Samit Sakar (Polygon) felt that he was in control of all parts of his play, even as he lost to computer-controlled opponents. Joshua Calixto (Kill Screen) found himself naming his preferred ball-handling techniques as he played. While Nic Rowen (Destructoid) said that he would normally avoid game mechanics discussion in his reviews, "Videoball is all about its mechanics". He praised the momentum and "pleasing grip" behind the avatars and the acceleration physics of changing direction or moving out of a full stop. Polygons Sakar noted the game's balance between competition and enjoyment. Despite the game's simple controls, Destructoid found that sloppy play could easily backfire on the player. Jason D'Aprile (GameSpot) said that the game depends on things knocking into each other for its entertainment, such as bank shots and hitting opponents. He disliked that the only control style was tank-style controls. Polygons initially wanted a tutorial mode but ultimately felt that the single-player Arcade mode, with set scenarios against two computer-controlled opponents, filled this need. Destructoid called the Arcade mode increasingly unfair in its addition of field disadvantages to the player. While Polygon and Destructoid praised the artificial intelligence of the computer-controlled avatars, GameSpot wrote that they were simple, and often ignored balls during single-player matches.

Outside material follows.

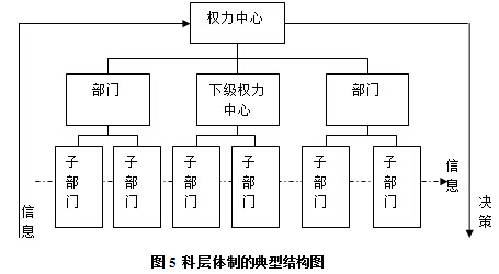圖5描述了這種結(jié)構(gòu),如圖中,在最高層,存在一個穩(wěn)固的權(quán)力中心,而在權(quán)力中心下,形成兩種下屬層級:一種直接服務(wù)于最高權(quán)力中心的職能部門;另一種是形成下屬的權(quán)力中心統(tǒng)管一方面的工作;而在每個下屬層級內(nèi),又根據(jù)需要形成級別更低的科層體系。

Critics praised the game's welcoming aesthetics, and some, its visual design. Kill Screen considered the game's affect delightful and Destructoid said its bright color scheme and rubber-like surfaces were disarming and recalled the feel of an inflatable castle. Polygons reviewer described the title as having "old-school sensibilities" in its arcade-style visual design, with simple geometry and flat 2D art. He added that the game succeeds in particular because of its "goofy tone" and "delightful wrapper" of music, scrolling ticker, and fanciful announcers, which managed to charm him without appearing inauthentic. GameSpots reviewer wrote that Videoballs audiovisual replication of 1990s-era Sega aesthetics triggered instant "warm and fuzzy ... nostalgia". Reviewers said that the game's visuals deceptively betrayed the depth of its gameplay. Calixto of Kill Screen concluded that Videoball "feels like it's trying to knock down barriers to entry" in its "bubbly and peaceful" visual design, with gradients and 90s Japanese arcade-style music. He thought, however, that the voiceovers were somewhat campy.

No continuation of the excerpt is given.